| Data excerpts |
**********
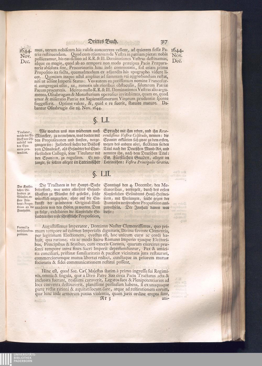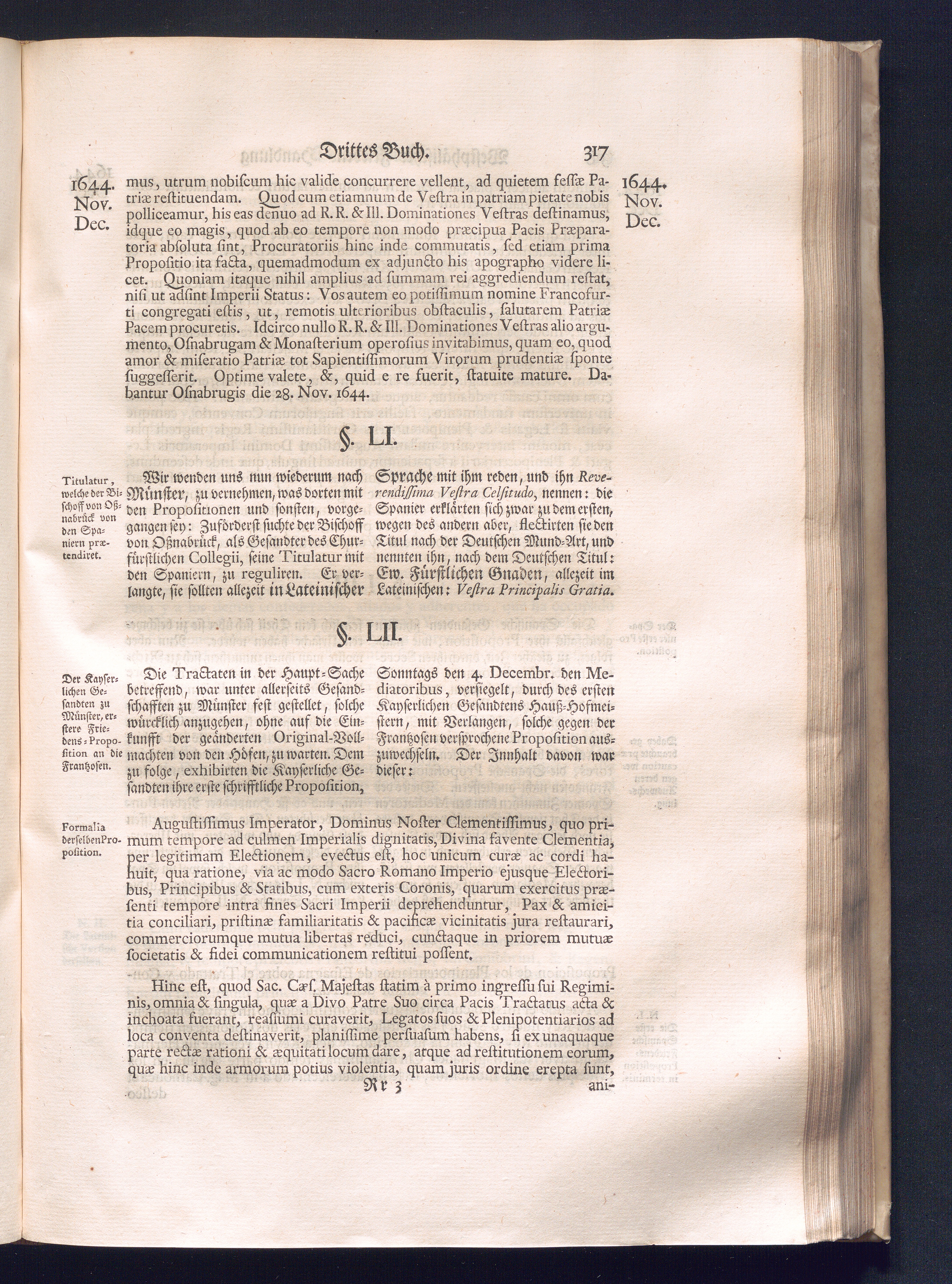 Erster Theil (1734) Worinnen enthalten, was vom Jahr 1643. biß in den Monath October Anno 1645. zwischen Jhro Römisch-Käyserlichen Majestät, dann den Beyden Cronen Franckreich und Schweden, ingleichen des Heiligen Römischen Reichs Chur-Fürsten, Fürsten und Ständen, zu Oßnabrück und Münster gehandelt worden
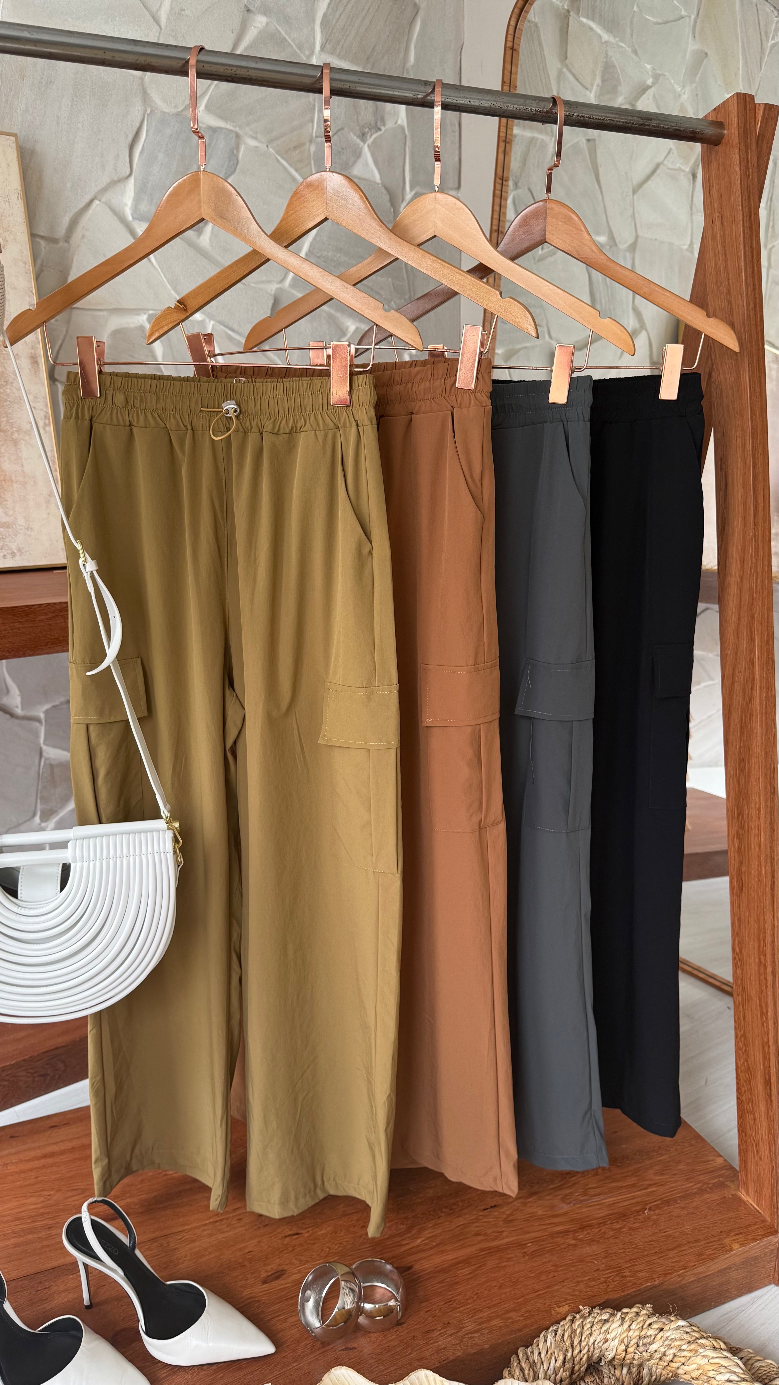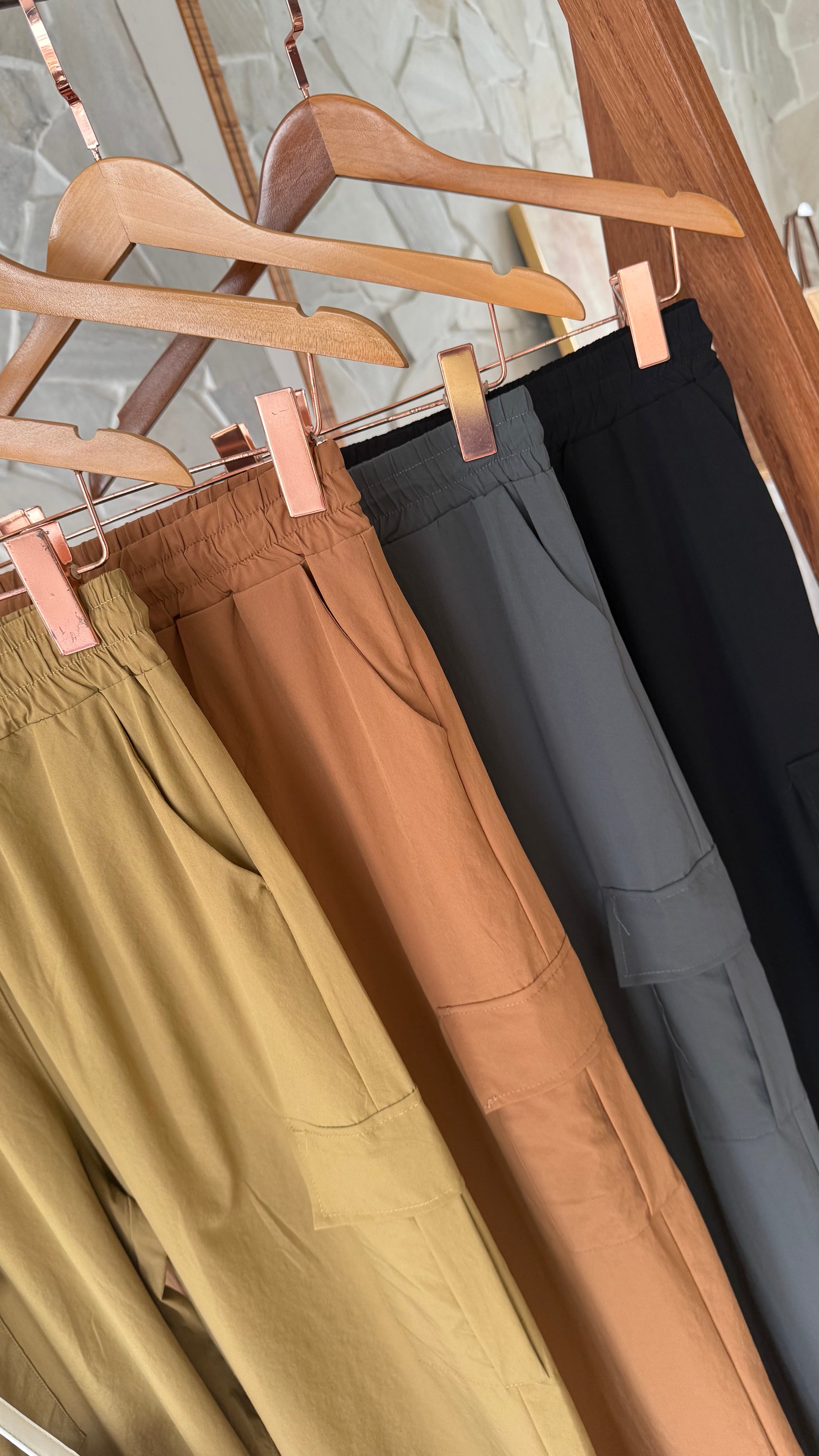 Modelo cargo, com bolsos laterais espaçosos, elástico na cintura e regulagem.
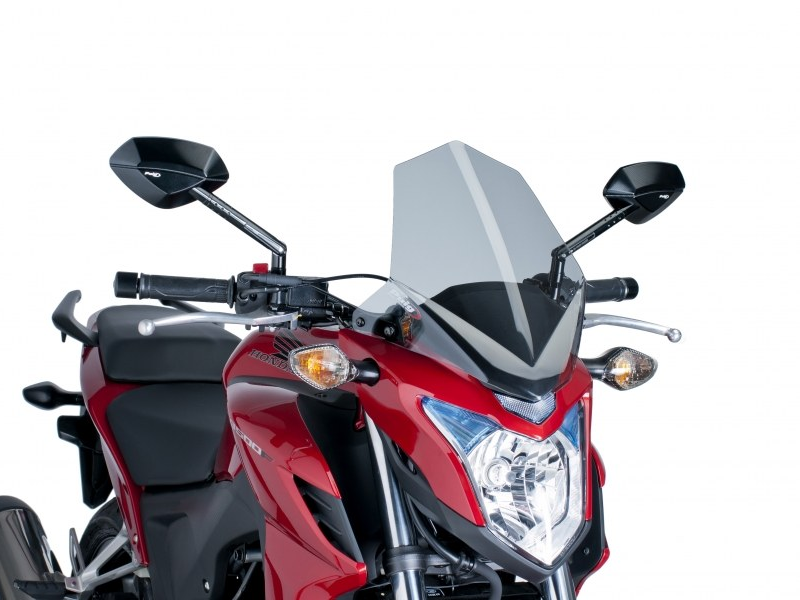Carenabris Puig 6437H Sport Ahumado. Cúpula Puig Naked New Generation específica para la Honda Cb 500 F 2013 / 2015. Fabricada con metracrilato de alto Impacto (3 mm) que ayuda a la aerodinámica y ofrece una mayor protección del piloto contra el viento. Con un diseño específico para cada moto, los carenabrises Naked New Generation se adaptan perfectamente a la motocicleta, consiguiendo un ajuste perfecto tanto en montaje como en acabados. Medidas (Altura x Anchura): 370 x 295 mm.
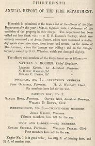 Herewith is submitted to the town a list of the officers of the Fire Department for the year 1862-3, together with a statement of the condition of the property in their charge. The department has been called out four times, viz :— at E. C. Damon's Factory, which was entirely consumed; at Acton Centre, where were consumed a stable, dry goods store, shoe store, town house, and tavern; at the house of Mrs. Gorman, where the damage was trifling; and at the cottage, formerly owned by S. G. Wheeler, which was damaged slightly.
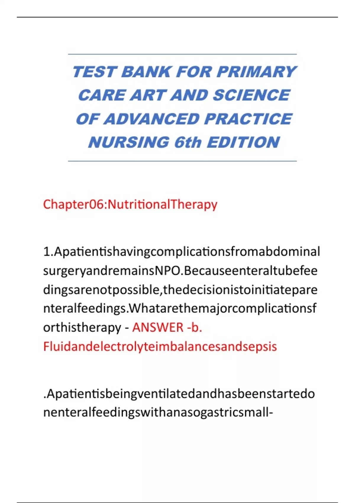 TEST BANK FOR PRIMARY CARE ART AND SCIENCE OF ADVANCED PRACTICE NURSING 6th
**********
| TASK STATEMENT |
The answer consists of the records repeated exactly, without any images.

| EXERCISE ANSWER |
 Erster Theil (1734) Worinnen enthalten, was vom Jahr 1643. biß in den Monath October Anno 1645. zwischen Jhro Römisch-Käyserlichen Majestät, dann den Beyden Cronen Franckreich und Schweden, ingleichen des Heiligen Römischen Reichs Chur-Fürsten, Fürsten und Ständen, zu Oßnabrück und Münster gehandelt worden
 Modelo cargo, com bolsos laterais espaçosos, elástico na cintura e regulagem.
Carenabris Puig 6437H Sport Ahumado. Cúpula Puig Naked New Generation específica para la Honda Cb 500 F 2013 / 2015. Fabricada con metracrilato de alto Impacto (3 mm) que ayuda a la aerodinámica y ofrece una mayor protección del piloto contra el viento. Con un diseño específico para cada moto, los carenabrises Naked New Generation se adaptan perfectamente a la motocicleta, consiguiendo un ajuste perfecto tanto en montaje como en acabados. Medidas (Altura x Anchura): 370 x 295 mm.
 Herewith is submitted to the town a list of the officers of the Fire Department for the year 1862-3, together with a statement of the condition of the property in their charge. The department has been called out four times, viz :— at E. C. Damon's Factory, which was entirely consumed; at Acton Centre, where were consumed a stable, dry goods store, shoe store, town house, and tavern; at the house of Mrs. Gorman, where the damage was trifling; and at the cottage, formerly owned by S. G. Wheeler, which was damaged slightly.
 TEST BANK FOR PRIMARY CARE ART AND SCIENCE OF ADVANCED PRACTICE NURSING 6th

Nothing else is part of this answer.